INSTRUCTIONS TO FOLLOW:
Pictures in the entries below are to be left out; otherwise, reproduce exactly the lines from the first through the line containing "Schéma illustrant le".

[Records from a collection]

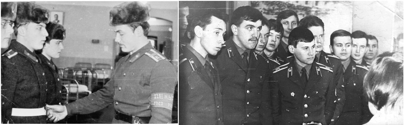
Первый курс Восточного факультета ВИМО, 1976-й год.
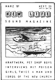
3/87 - The Cure (III), Pat Shop Boys, Commodores, The Mission, Lords of the New Church. Interviews: Twice a Man, Poison Girls, Killing Joke
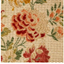
1678-01 POMPADOUR - IVOIRE
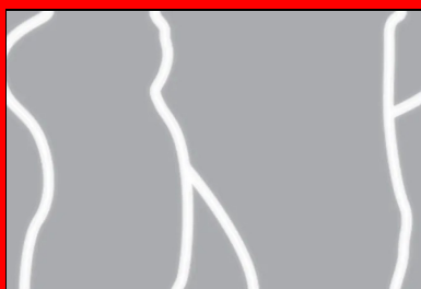
Schéma illustrant le comportement d'un revêtement en béton exécuté sans armatures longitudinales et sans joints de retrait transversaux. Conséquences : fissuration large, anarchique et aléatoire.

Une des méthodes, destinées à contrôler cette fissuration, consiste à utiliser des armatures longitudinales, continues et placées à un certain niveau au sein du revêtement en béton (Cf. Figure 2). Cette technique porte le nom de Béton Armé Continu BAC.
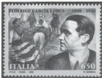
franquistes pendant la guerre civile en 1936. [Italie, 1998]

RESULT:
Первый курс Восточного факультета ВИМО, 1976-й год.
3/87 - The Cure (III), Pat Shop Boys, Commodores, The Mission, Lords of the New Church. Interviews: Twice a Man, Poison Girls, Killing Joke
1678-01 POMPADOUR - IVOIRE
Schéma illustrant le comportement d'un revêtement en béton exécuté sans armatures longitudinales et sans joints de retrait transversaux. Conséquences : fissuration large, anarchique et aléatoire.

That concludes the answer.